» What is being asked
Print exactly the lines below between the line containing "Mathaakveld 12 is" and the line containing "Bu sevimli sırt", counting both of those lines. Leave pictures out.

-------- Data extract --------

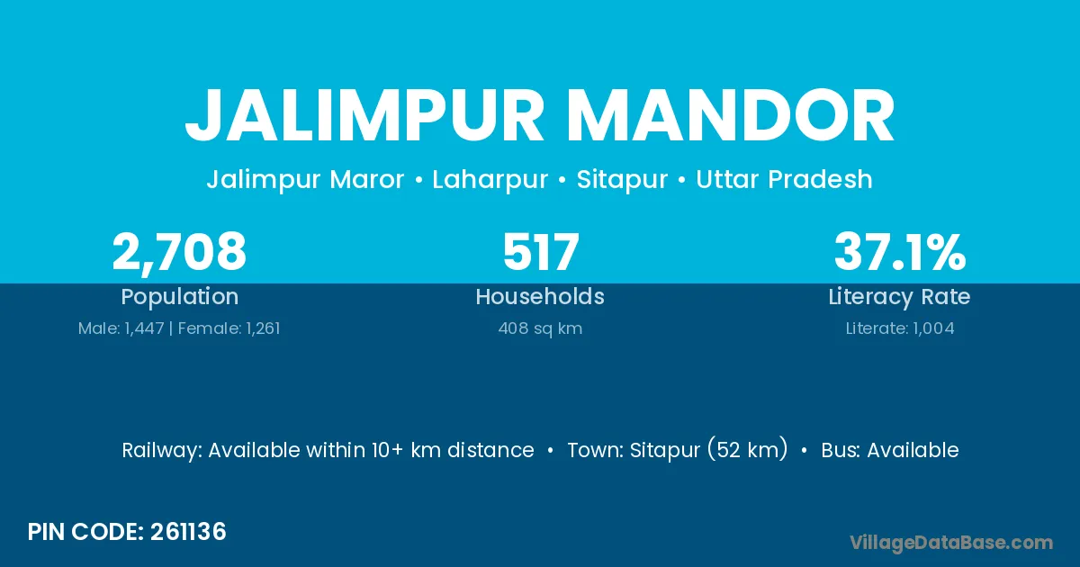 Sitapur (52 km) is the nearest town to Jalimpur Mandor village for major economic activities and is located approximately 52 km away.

--------
-------- Data extract --------

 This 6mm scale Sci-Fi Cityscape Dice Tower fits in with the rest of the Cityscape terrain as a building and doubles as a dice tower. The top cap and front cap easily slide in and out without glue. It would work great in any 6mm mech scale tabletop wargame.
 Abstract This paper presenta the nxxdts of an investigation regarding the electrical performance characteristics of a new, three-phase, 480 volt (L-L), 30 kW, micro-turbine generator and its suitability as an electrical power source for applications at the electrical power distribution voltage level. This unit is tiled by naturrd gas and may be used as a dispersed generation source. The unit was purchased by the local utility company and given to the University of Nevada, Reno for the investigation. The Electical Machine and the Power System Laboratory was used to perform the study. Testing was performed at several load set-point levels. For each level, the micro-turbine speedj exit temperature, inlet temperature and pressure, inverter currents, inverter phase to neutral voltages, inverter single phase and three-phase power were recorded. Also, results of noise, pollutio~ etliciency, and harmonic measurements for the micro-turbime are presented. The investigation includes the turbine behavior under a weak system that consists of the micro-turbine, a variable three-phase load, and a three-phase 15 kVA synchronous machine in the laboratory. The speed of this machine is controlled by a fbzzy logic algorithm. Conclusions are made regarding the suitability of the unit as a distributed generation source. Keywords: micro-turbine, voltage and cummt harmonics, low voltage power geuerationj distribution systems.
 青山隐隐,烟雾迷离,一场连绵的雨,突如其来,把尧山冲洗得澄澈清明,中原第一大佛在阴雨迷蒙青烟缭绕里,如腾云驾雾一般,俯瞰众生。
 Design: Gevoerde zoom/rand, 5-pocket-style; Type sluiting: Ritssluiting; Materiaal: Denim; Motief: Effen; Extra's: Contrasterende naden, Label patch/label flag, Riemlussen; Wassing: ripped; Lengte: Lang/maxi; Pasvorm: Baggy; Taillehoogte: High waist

--------
-------- Data extract --------

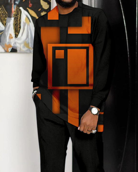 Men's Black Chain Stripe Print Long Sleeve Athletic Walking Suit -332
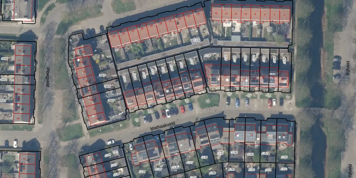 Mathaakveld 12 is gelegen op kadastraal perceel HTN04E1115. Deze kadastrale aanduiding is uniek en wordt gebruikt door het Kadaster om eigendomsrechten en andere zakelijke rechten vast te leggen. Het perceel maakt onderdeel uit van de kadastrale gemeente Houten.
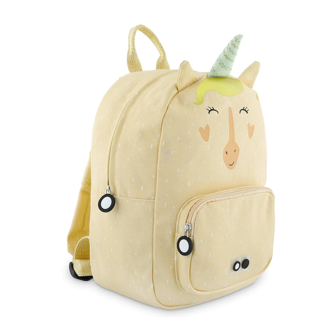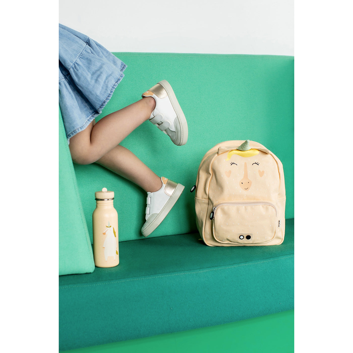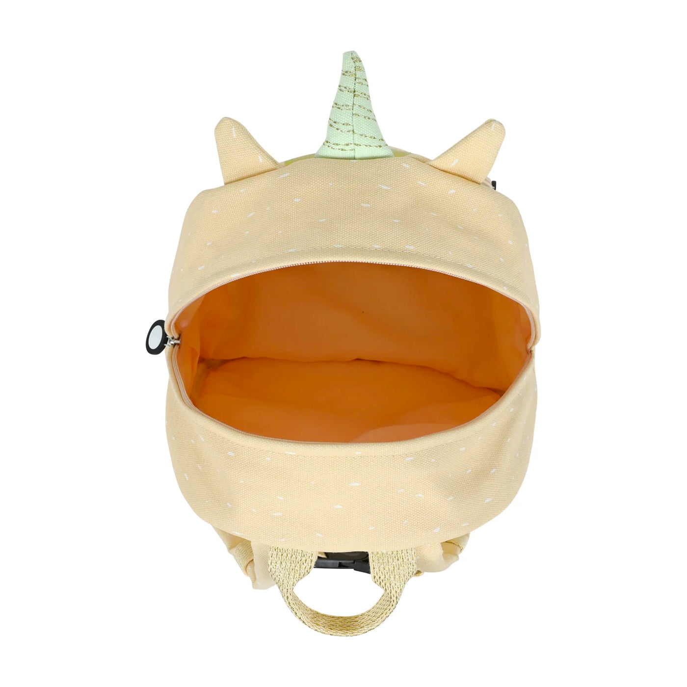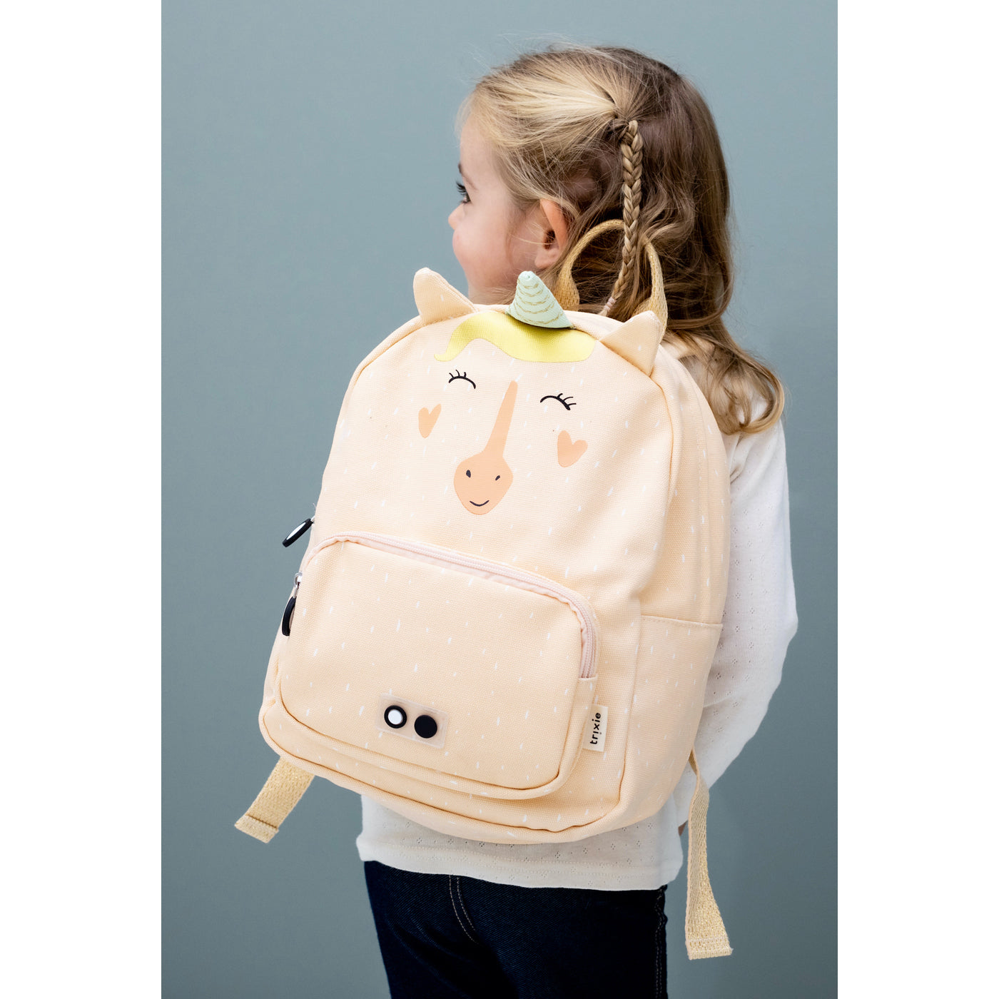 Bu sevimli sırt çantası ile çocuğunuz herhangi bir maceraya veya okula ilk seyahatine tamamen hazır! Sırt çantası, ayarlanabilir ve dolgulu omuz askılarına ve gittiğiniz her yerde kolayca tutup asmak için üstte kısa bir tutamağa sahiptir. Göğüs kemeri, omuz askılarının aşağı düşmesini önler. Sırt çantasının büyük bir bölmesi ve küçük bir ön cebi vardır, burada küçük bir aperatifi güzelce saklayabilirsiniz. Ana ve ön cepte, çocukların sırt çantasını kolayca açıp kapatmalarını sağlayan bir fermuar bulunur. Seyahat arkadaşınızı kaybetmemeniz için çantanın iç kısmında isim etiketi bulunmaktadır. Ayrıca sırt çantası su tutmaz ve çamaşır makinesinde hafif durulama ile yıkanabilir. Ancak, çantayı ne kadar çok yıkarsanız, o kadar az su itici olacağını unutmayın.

--------

» Result for this exercise
 Mathaakveld 12 is gelegen op kadastraal perceel HTN04E1115. Deze kadastrale aanduiding is uniek en wordt gebruikt door het Kadaster om eigendomsrechten en andere zakelijke rechten vast te leggen. Het perceel maakt onderdeel uit van de kadastrale gemeente Houten.
 Bu sevimli sırt çantası ile çocuğunuz herhangi bir maceraya veya okula ilk seyahatine tamamen hazır! Sırt çantası, ayarlanabilir ve dolgulu omuz askılarına ve gittiğiniz her yerde kolayca tutup asmak için üstte kısa bir tutamağa sahiptir. Göğüs kemeri, omuz askılarının aşağı düşmesini önler. Sırt çantasının büyük bir bölmesi ve küçük bir ön cebi vardır, burada küçük bir aperatifi güzelce saklayabilirsiniz. Ana ve ön cepte, çocukların sırt çantasını kolayca açıp kapatmalarını sağlayan bir fermuar bulunur. Seyahat arkadaşınızı kaybetmemeniz için çantanın iç kısmında isim etiketi bulunmaktadır. Ayrıca sırt çantası su tutmaz ve çamaşır makinesinde hafif durulama ile yıkanabilir. Ancak, çantayı ne kadar çok yıkarsanız, o kadar az su itici olacağını unutmayın.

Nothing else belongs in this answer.